# MATERIAL PROVIDED
__________________________________________________
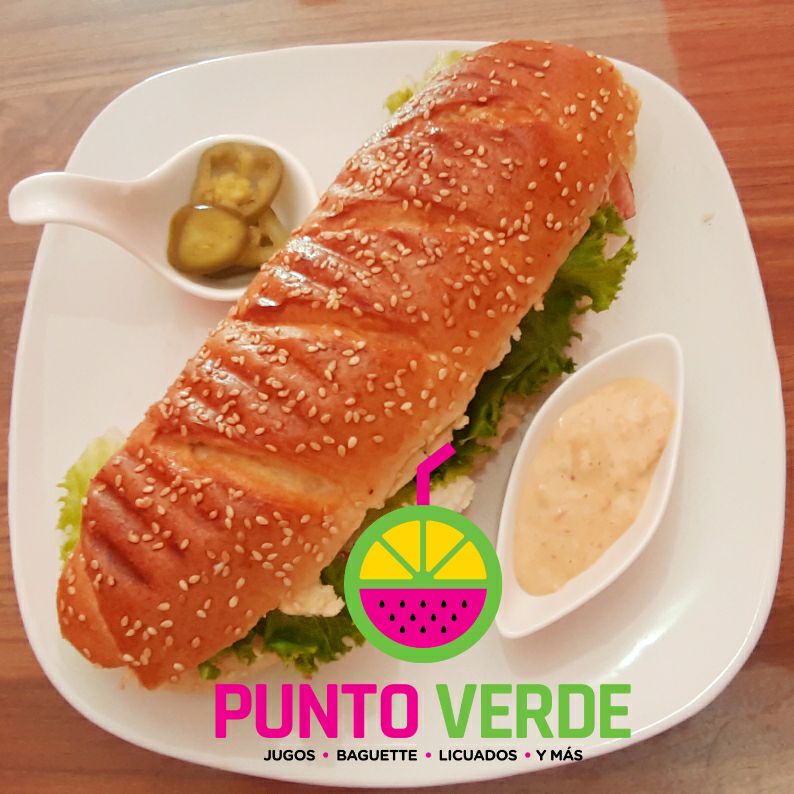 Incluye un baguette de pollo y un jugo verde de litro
__________________________________________________
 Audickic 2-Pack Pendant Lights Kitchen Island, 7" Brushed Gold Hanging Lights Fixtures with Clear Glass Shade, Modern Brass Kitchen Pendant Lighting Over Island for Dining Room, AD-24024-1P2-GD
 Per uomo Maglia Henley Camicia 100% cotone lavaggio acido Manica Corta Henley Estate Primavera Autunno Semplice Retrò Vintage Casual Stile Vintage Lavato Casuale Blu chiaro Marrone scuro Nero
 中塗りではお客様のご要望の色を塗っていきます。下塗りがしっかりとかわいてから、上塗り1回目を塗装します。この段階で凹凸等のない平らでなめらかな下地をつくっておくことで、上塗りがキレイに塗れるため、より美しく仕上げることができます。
__________________________________________________
# HOW TO COMPLETE THIS TASK
Using the data above, print exactly the lines from the line that contains "Per uomo Maglia" through the line that contains "中塗りではお客様のご要望の色", with both included.

# WRITTEN RESPONSE
 Per uomo Maglia Henley Camicia 100% cotone lavaggio acido Manica Corta Henley Estate Primavera Autunno Semplice Retrò Vintage Casual Stile Vintage Lavato Casuale Blu chiaro Marrone scuro Nero
 中塗りではお客様のご要望の色を塗っていきます。下塗りがしっかりとかわいてから、上塗り1回目を塗装します。この段階で凹凸等のない平らでなめらかな下地をつくっておくことで、上塗りがキレイに塗れるため、より美しく仕上げることができます。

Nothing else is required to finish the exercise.